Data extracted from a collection
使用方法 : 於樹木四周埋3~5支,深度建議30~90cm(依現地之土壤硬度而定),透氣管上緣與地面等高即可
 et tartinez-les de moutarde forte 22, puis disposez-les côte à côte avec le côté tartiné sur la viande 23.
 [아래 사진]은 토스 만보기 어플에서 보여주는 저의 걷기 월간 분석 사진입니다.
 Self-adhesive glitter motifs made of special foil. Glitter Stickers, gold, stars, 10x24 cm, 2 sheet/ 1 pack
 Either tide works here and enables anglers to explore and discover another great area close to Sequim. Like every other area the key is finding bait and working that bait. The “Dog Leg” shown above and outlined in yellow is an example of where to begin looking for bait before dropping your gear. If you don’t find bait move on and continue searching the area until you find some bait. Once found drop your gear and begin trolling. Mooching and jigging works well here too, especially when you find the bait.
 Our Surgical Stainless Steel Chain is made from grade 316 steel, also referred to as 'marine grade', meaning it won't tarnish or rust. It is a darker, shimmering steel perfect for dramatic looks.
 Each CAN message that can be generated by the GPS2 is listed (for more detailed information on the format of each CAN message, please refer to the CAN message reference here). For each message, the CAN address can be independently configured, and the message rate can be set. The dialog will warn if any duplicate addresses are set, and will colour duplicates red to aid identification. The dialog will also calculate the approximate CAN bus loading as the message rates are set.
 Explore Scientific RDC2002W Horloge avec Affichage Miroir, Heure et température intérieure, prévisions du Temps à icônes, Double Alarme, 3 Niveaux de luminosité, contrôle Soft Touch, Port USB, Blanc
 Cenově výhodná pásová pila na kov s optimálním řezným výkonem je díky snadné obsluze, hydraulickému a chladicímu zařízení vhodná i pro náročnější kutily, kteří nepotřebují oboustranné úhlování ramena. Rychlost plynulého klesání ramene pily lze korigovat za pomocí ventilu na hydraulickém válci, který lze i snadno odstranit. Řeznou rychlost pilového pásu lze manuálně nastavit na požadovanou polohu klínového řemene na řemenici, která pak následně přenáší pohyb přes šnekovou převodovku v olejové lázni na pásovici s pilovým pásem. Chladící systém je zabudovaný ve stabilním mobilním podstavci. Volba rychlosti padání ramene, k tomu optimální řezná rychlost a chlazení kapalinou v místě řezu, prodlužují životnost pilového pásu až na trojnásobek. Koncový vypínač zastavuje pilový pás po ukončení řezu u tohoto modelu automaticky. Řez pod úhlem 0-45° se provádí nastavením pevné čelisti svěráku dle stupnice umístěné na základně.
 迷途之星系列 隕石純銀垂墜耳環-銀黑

Task statement — In the data above, retype exactly and only the lines between the one holding "[아래 사진]은 토스 만보기 어플에서 보여주는 저의 걷기 월간 분석 사진입니다." and the one holding "Self-adhesive glitter motifs", inclusive.

Task result —
 [아래 사진]은 토스 만보기 어플에서 보여주는 저의 걷기 월간 분석 사진입니다.
 Self-adhesive glitter motifs made of special foil. Glitter Stickers, gold, stars, 10x24 cm, 2 sheet/ 1 pack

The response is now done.